Hello,
I have an R regression problem that has been confusing me for the past two years, and I was hoping to reach out to this community for some guidance. It seems like it should be a simple regression model, but the considerations of the study design have pushed me in many different directions, and it appears to be much more complex than I was initially anticipating.
Here is the study to summarize it:
I want to find the effect of ceiling insulation on indoor room temperature. For my experiment, I looked at four different rooms in the same building. Two rooms had ceiling insulation, and two rooms did not have ceiling insulation. I placed a single temperature sensor in each room that took a temperature reading in Fahrenheit once a day. The temperature sensors were not synchronized at the same minute, but they were all initiated on the same day. My hypothesis is that during the summer, having ceiling insulation in a room will lead to cooler overall indoor room temperature than if the room had no ceiling insulation. My research question is thus: Did the two rooms with ceiling insulation have an overall cooler indoor temperature than the two rooms without ceiling insulation? Or more broadly: from this experiment, can we conclude that ceiling insulation causes indoor temperatures to be cooler during the summer?
In my attached example data csv file: Date is the date of each temperature reading. Room is one of the four rooms I am looking at, where IA: Insulation A (room with insulation A), IB: Insulation B (room with insulation B), NIA: No Insulation A (room with no insulation A), NIB: No Insulation B (room with no insulation[' B). Insulation: a binary where 1 = yes insulation and 2 = no insulation. Temperature.F: temperature reading in Fahrenheit at the corresponding date. (Please note that this is just an example file to show the structure of the data I am working with. The temperature values here are random, so you would of course not find any trends or actual meaningful results.)
I have really been struggling with how to construct a linear model of this in R, primarily with how to include the appropriate random effect. I feel that I need a random effect in the model to acknowledge that the four rooms in the studied building are different, each supporting a unique purpose, so each room would have different wall construction, air flow qualities, windows, appliances, and occupancy densities, thus contributing to indoor temperature. Of course, my data does not have all this detail. As displayed in my attached example data, all I have available to work with is a daily temperature reading for each room. For this reason, I plan on adding a random effect to the “room” parameter to account for the unique room features and characteristics I do not have data for.

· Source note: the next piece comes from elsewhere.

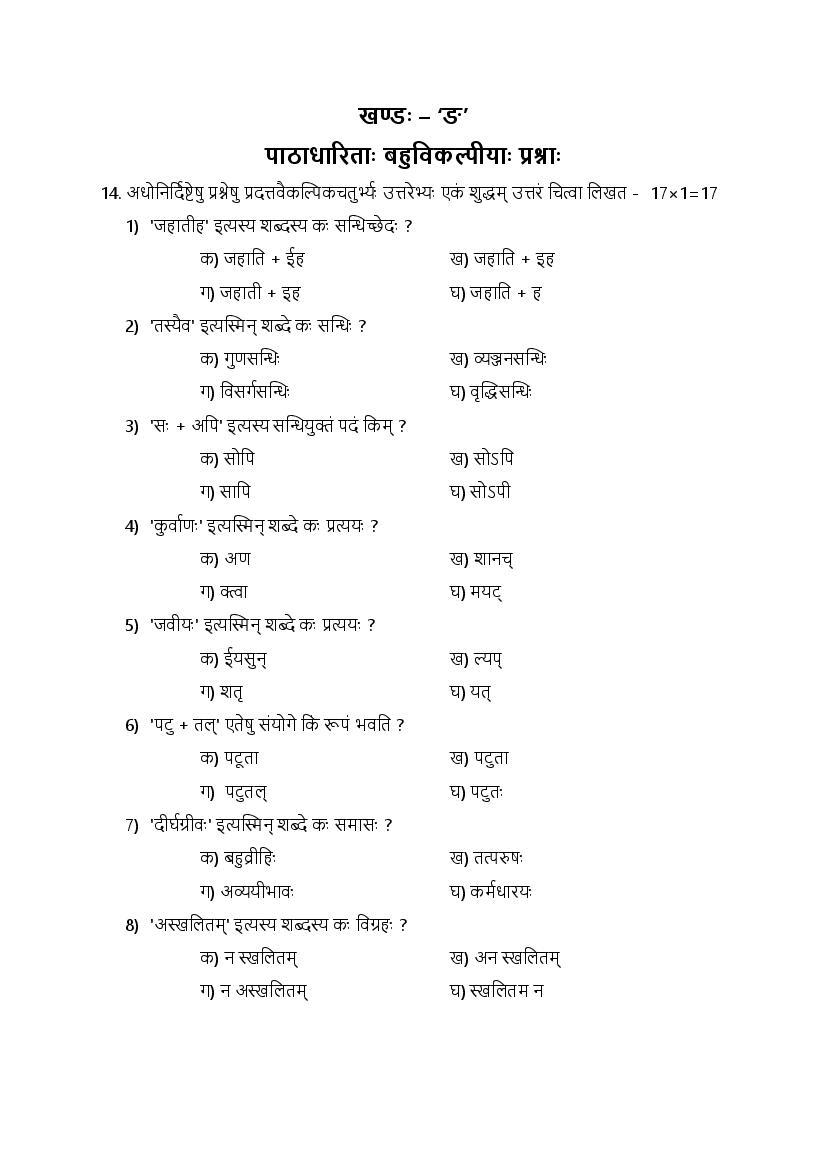 - Finish your preparation by using Haryana Board Class 12th Sanskrit Model Question Paper.
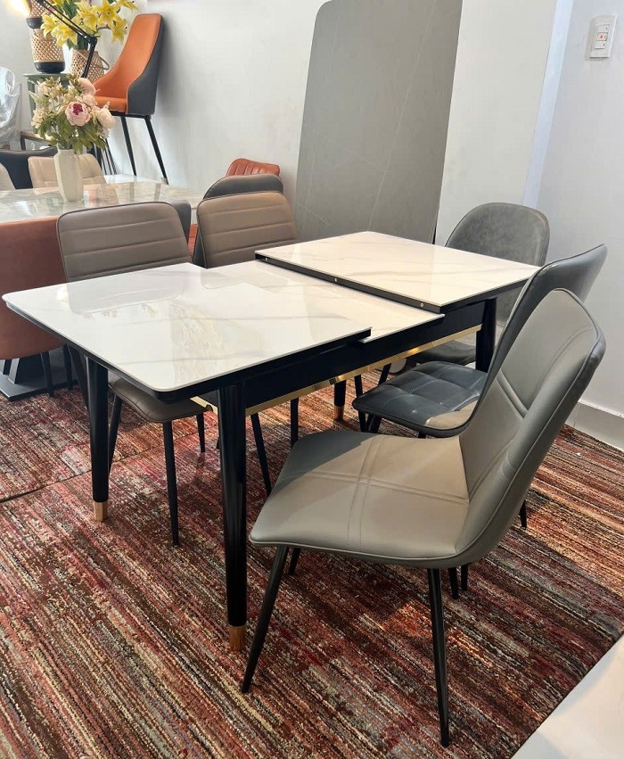 Chỉ với vài thao tác nhẹ nhàng, chiếc bàn có thể mở rộng từ 1.1m thành 1.4m, dễ dàng đáp ứng các nhu cầu sử dụng khác nhau. Dùng gọn gàng cho 2-4 người mỗi ngày, hoặc mở rộng để tiếp đãi lên đến 6 khách trong những dịp đặc biệt – tất cả đều trở nên tiện lợi và thoải mái. Đây là lựa chọn lý tưởng cho những ai đề cao sự linh hoạt và tiết kiệm không gian.

This is what I have so far:
lmer(Temperature.F ~ Room*Insulation + Room*Date + (1 + Insulation | Room), correlation = CorAR1(form = ~date | room), data = my_data)
However, when I run this model, I get the following error message:
"Error: Dropping columns failed to produce full column rank design matrix"
I don’t really understand what this means, but one problem I suspect is with the data I have, where the “Room” parameter and “Insulation” parameter are in a way really the same thing, since in my data, the only thing that defines each room is the presence of insulation or not. With that being the case, there would thus be no difference between IA and IB and between NIA and NIB. So it is almost as if IA and IB are one room and NIA and NIB are one room. It was suggested to me to me, that for this reason, I should just get rid of the “Insulation” binary column, and change the room column so that I would only have two rooms: I (insulation) and NI (no insulation). This would be saying that all of the temperature readings I have occurred in the same room, which is not true! I feel I need to acknowledge that the four rooms I used for were study were in fact unique, and that is why I felt I should use a random effect for the “Room” parameter in my model, to account for their uniqueness. I am not sure if the R code I tried out is on the right track or not.
I feel that I need an interaction between Room and Insulation, because in the building, the Room is connected to the ceiling of course! And then I want to add a random effect for room with unique slopes for the insulation. Does this make sense? Also, how would I best incorporate the Data parameter? Since I think I should account for autocorrelation, since to my understanding, I am working with time series data here. From what I found, I should be using the CorAr1 correlation structure for this, but I am not sure.
I would really appreciate any input on this challenge and I was hoping I might be able to receive some R code ideas that might better suit the research objective I am going for here. I know this seems like a simple data set, but in a way, it is this simplicity that has led to all the confusion for me.
Thank you so much!